▸ Assigned task
Starting at the line that contains "Az az elképzelés, hogy" and stopping at the line that contains "Карабин 11,2 мм", restate each line of the records below exactly. Omit the pictures.

▸ Stored data
^^^^^^^^

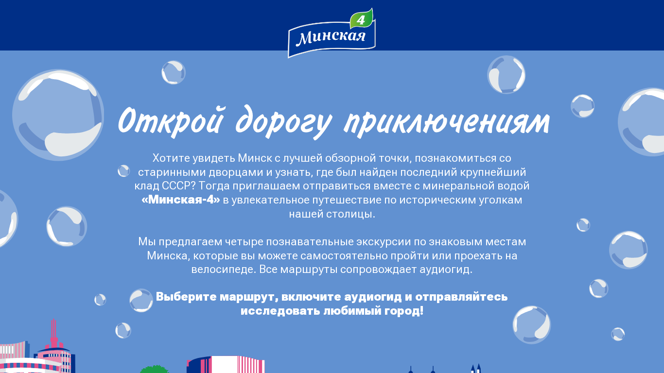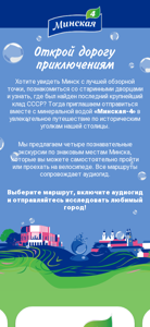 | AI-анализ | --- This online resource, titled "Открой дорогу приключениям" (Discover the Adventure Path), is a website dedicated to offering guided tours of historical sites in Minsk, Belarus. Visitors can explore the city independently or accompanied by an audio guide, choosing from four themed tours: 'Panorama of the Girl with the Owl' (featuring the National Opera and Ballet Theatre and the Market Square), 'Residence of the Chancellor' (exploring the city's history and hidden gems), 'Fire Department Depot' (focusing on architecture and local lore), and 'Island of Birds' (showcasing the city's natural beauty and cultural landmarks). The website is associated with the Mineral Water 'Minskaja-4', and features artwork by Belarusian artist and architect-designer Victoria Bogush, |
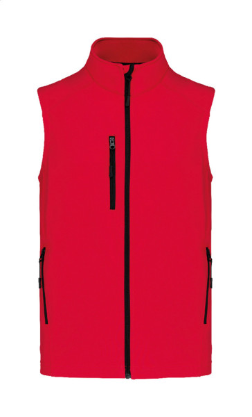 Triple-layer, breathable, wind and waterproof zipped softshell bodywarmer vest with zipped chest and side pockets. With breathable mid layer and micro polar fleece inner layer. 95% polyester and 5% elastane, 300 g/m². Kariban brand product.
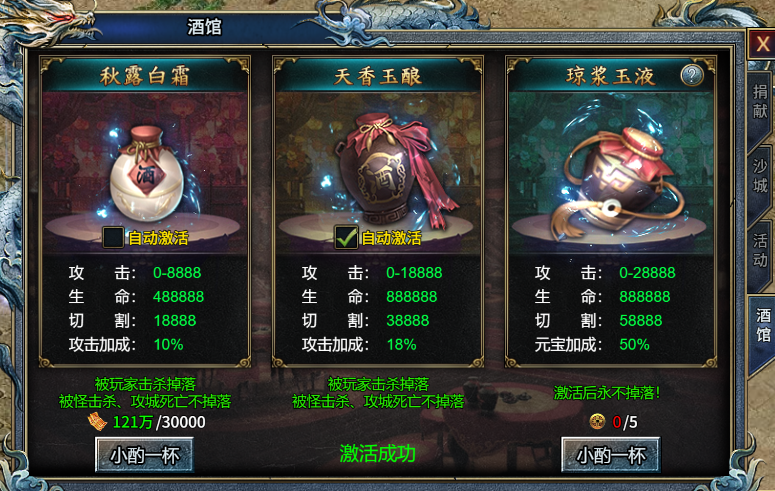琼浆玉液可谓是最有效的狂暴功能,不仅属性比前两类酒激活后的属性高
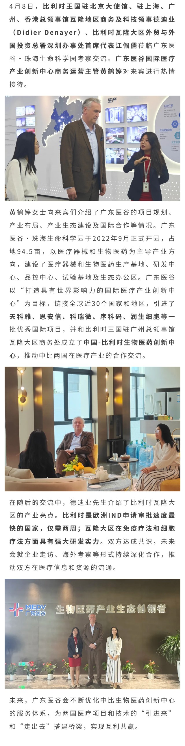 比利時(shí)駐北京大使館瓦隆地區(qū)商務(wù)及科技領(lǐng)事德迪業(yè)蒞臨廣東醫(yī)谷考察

^^^^^^^^

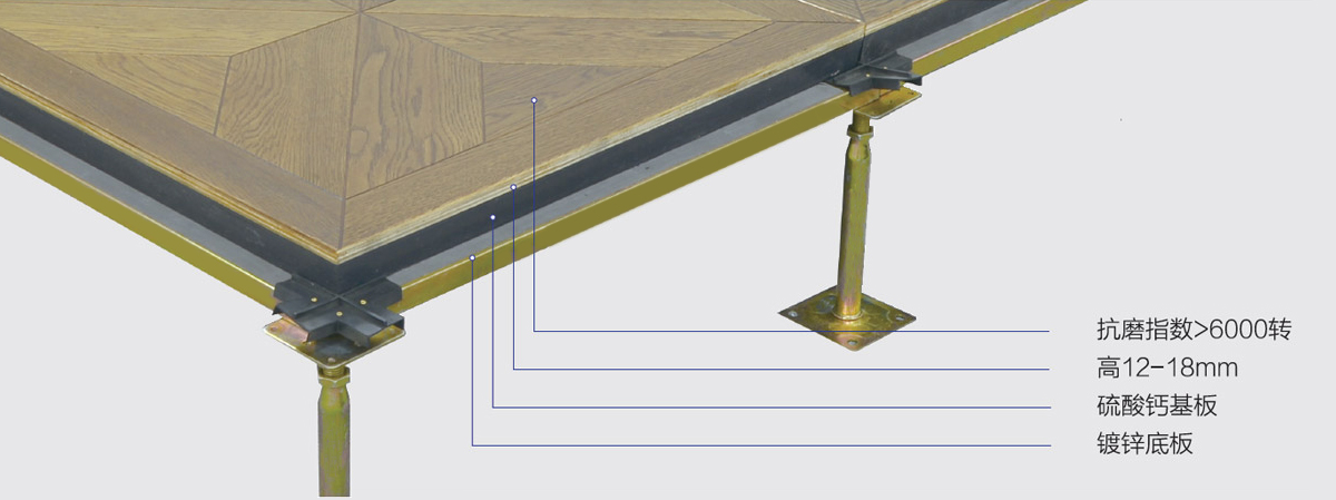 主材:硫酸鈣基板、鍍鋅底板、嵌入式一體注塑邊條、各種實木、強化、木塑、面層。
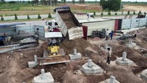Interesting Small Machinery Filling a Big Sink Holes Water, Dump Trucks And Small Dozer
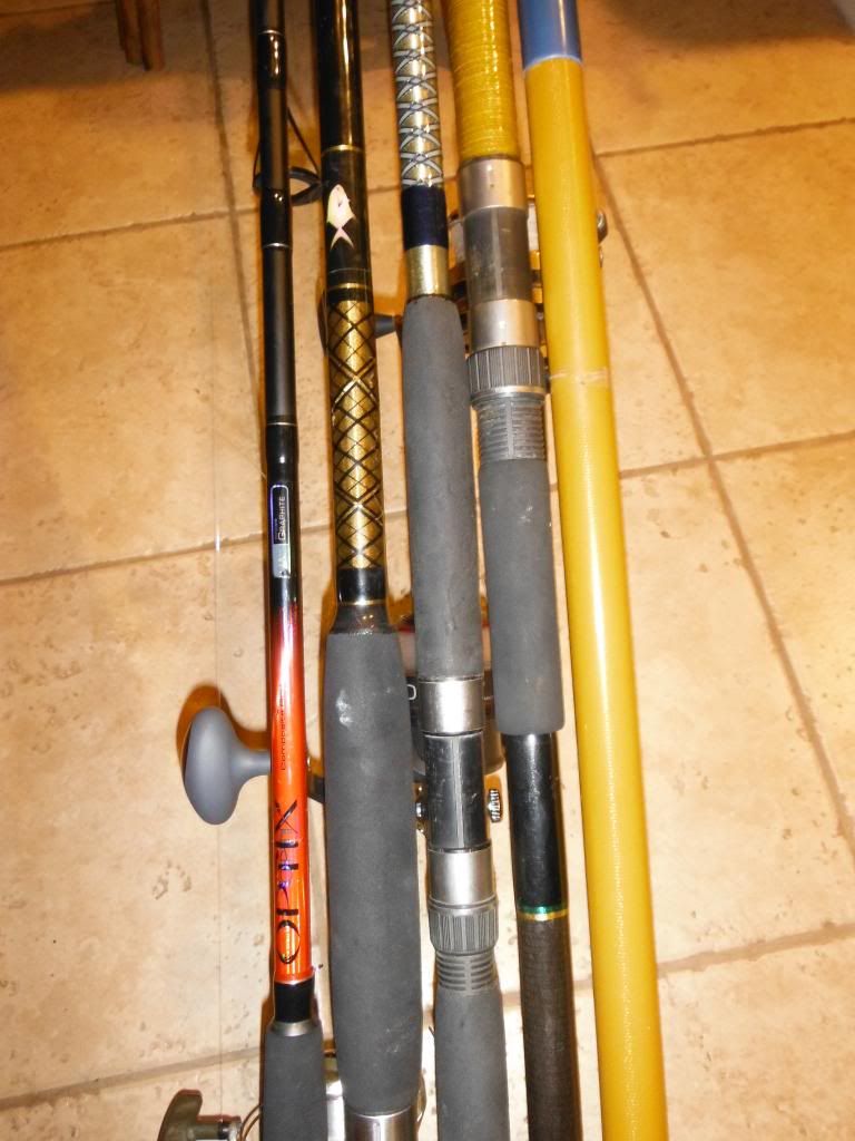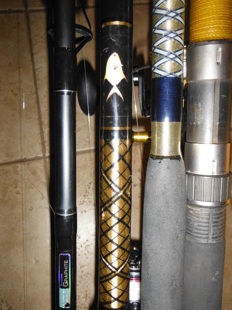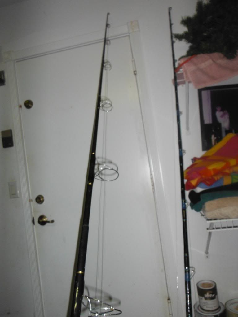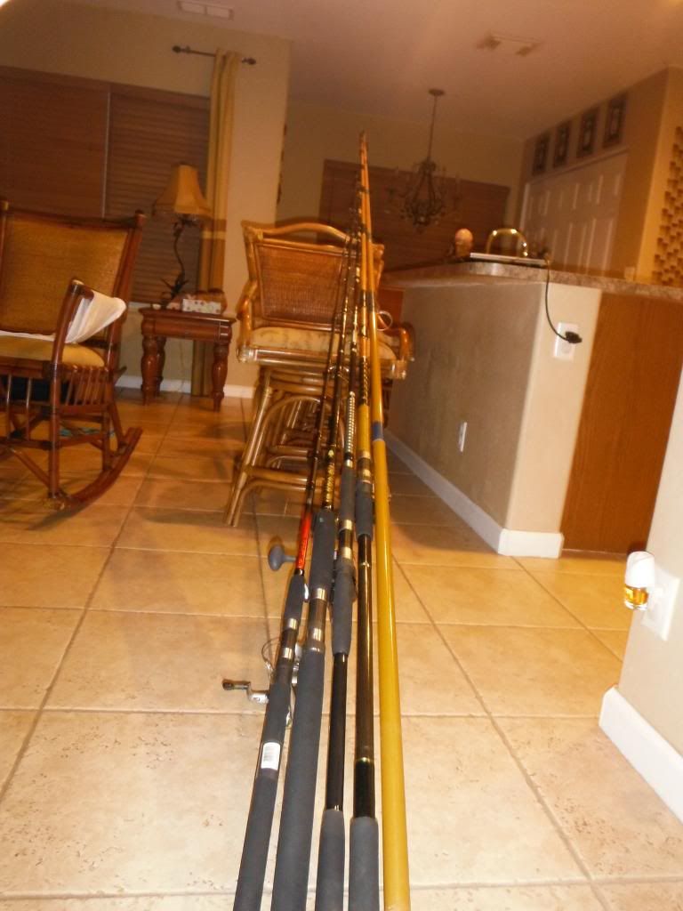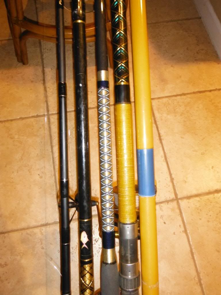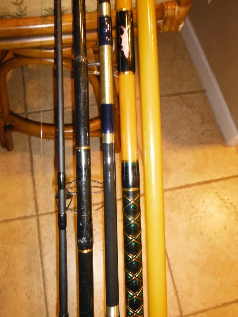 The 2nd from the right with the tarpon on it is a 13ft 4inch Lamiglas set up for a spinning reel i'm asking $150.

^^^^^^^^

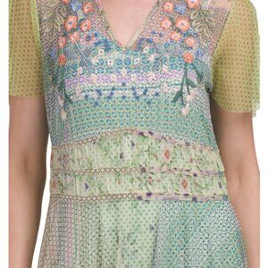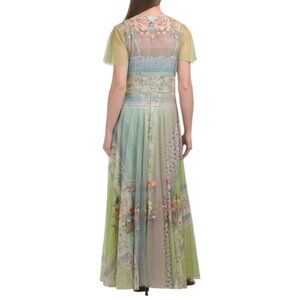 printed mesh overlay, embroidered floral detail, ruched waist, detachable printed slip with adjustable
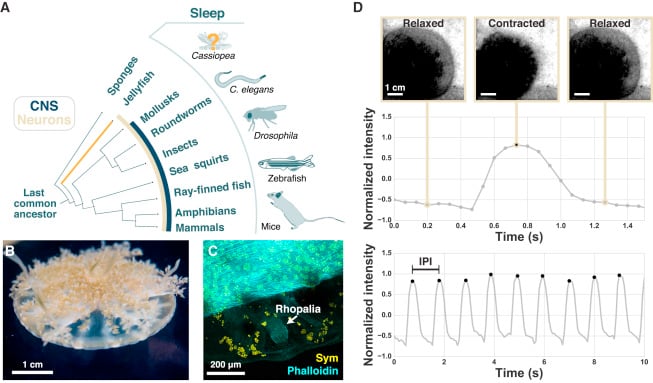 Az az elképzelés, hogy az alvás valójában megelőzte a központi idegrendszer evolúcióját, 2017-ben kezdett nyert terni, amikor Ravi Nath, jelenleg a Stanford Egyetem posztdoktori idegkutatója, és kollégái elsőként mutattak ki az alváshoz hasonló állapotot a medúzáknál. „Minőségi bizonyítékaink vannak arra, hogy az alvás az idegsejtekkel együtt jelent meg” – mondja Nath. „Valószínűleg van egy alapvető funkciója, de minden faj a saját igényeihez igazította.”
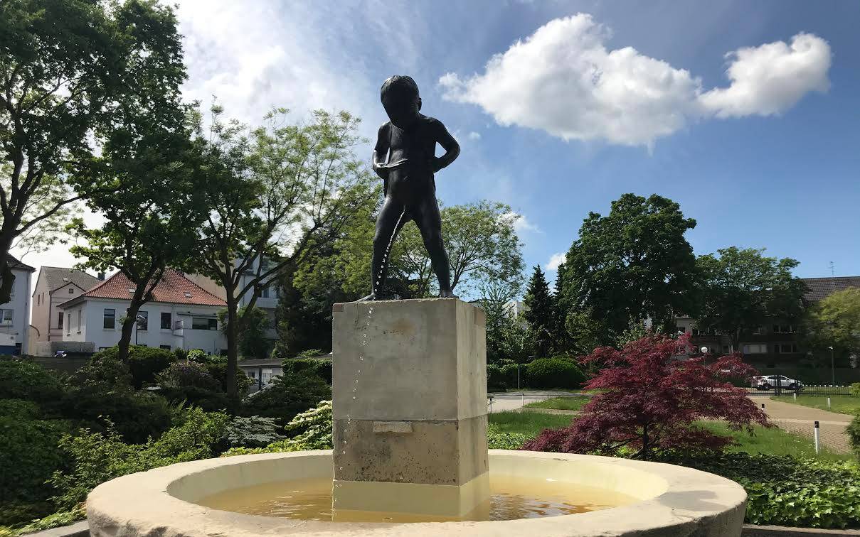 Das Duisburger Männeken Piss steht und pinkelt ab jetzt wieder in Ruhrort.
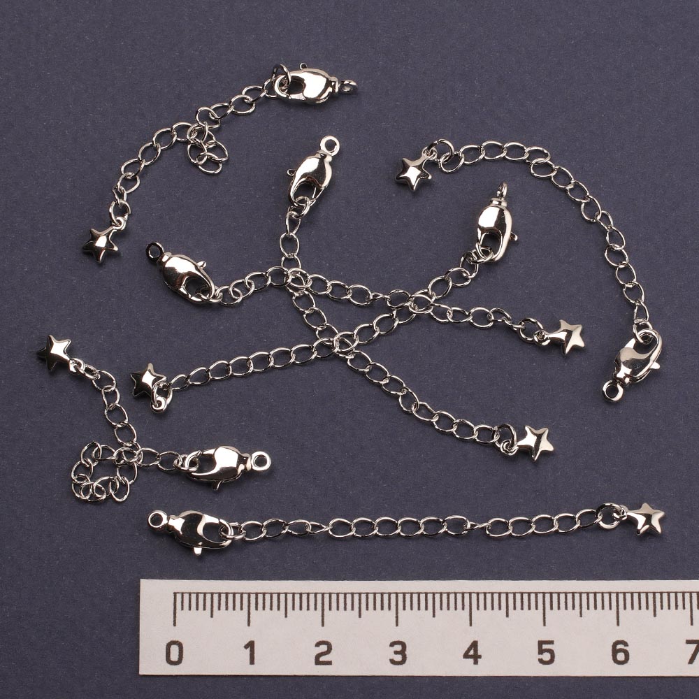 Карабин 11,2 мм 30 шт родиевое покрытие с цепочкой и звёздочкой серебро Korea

^^^^^^^^

▸ Exercise solution
 Az az elképzelés, hogy az alvás valójában megelőzte a központi idegrendszer evolúcióját, 2017-ben kezdett nyert terni, amikor Ravi Nath, jelenleg a Stanford Egyetem posztdoktori idegkutatója, és kollégái elsőként mutattak ki az alváshoz hasonló állapotot a medúzáknál. „Minőségi bizonyítékaink vannak arra, hogy az alvás az idegsejtekkel együtt jelent meg” – mondja Nath. „Valószínűleg van egy alapvető funkciója, de minden faj a saját igényeihez igazította.”
 Das Duisburger Männeken Piss steht und pinkelt ab jetzt wieder in Ruhrort.
 Карабин 11,2 мм 30 шт родиевое покрытие с цепочкой и звёздочкой серебро Korea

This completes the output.